The six crew members of the yacht Private Idaho, who were honoured in Toronto last month at a ritzy function at the Sheraton Centre, admitted that they had previously done 'man overboard' practice in daylight, and had done a debriefing of 'safety stuff' just before they left, which stood them in good stead.

In a fifty knot storm, close to midnight, the Private Idaho, with crew members Chris Busch, Nick Crooks, Lindie Rudover, Carol Crooks, skipper Alan Johnson and Alex Baker on board, passed a strobe light floating in the water. Strobe lights are often attached to life jackets.

'I had that sinking feeling,' Carol Crooks told the local news outlet www.windsorstar.com!The_Windsor_Star, though there was nobody in the water.

Not long after that, the crew heard someone shout, 'Help!'

'All of us just turned our heads to the right and boom, there he was,' said Crooks, who said she illuminated the man's head with a cheap flashlight she'd stuck in her pocket by chance. 'The water was so black and the sky was so black it was unbelievable we found him.'

That man was Branden Brickles of Fenton, Michigan, who had been hurled off his 36-foot catamaran by the stiff winds. The storm had blown the boat away from him, and he didn't have a life-jacket on when he hit the water.

'Luckily I got blown back into the path of another boat,' he said. 'I was really thinking, 'I didn't want to die this way.'

Soon, Crooks said, the crew had unpacked a large spotlight and trained it on Brickles. But even getting close enough to pick him up was difficult, Crooks said.

'In three-to five-foot waves we couldn't approach him the way you're supposed to approach him. We had to do a special spin and approach him at a different angle.'

Through it all, Johnson, who was at the helm, said he and the crew kept their cool. But as he turned the boat around, they lost sight of Brickles and his heart sank.

'Worst three seconds of my life,' he said.

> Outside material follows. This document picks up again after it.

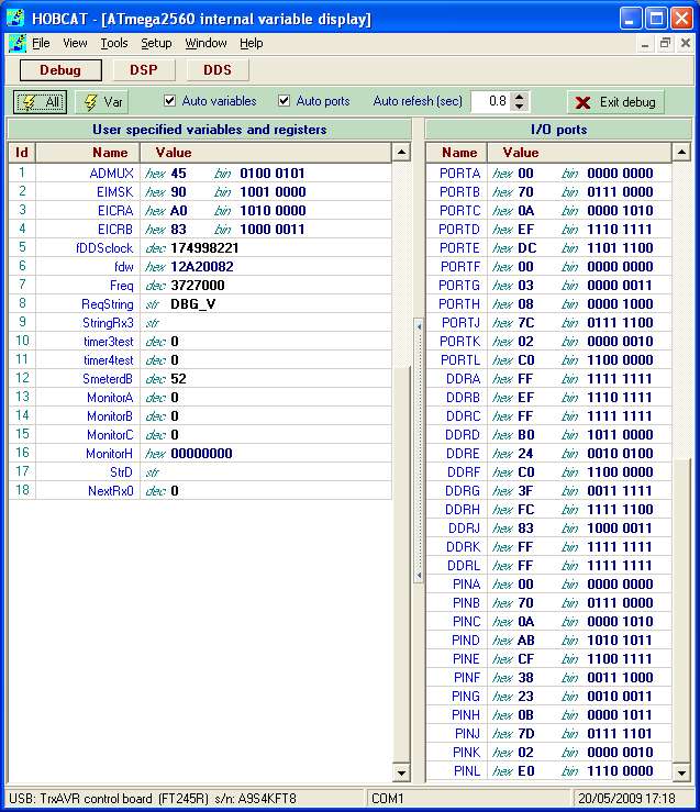 - Debug: This provides via USB background monitoring ofTxrAVR's Atmega2560 ports and selected internal variables.

The crew, though, quickly located Brickles with the spotlight, and got the boat in the right position for the roaring waves to carry him to the hull.

'It seemed like an hour but it had probably been three or four minutes,' Johnson said. 'His face was barely above water at all.'

Crooks said it took two tries for Brickles to catch a tossed life preserver, at which point he simply gave up and began floating on the device. The crew managed to reel him in to the rear of the sloop, where Johnson said they dragged him up a ladder.

'They did a great job,' Brickles said. 'They got me right next to the boat.'

When Brickles came aboard, Crooks said, he was bloated, vomiting water and unable to remember his own name.

'I'm proud,' Johnson told The Windsor Star. 'I'm proud our crew handled it so professionally.'

As for Brickles, he told The Star he's fine today, but he'll be wearing his life-jacket when he sails from now on.

Good thinking!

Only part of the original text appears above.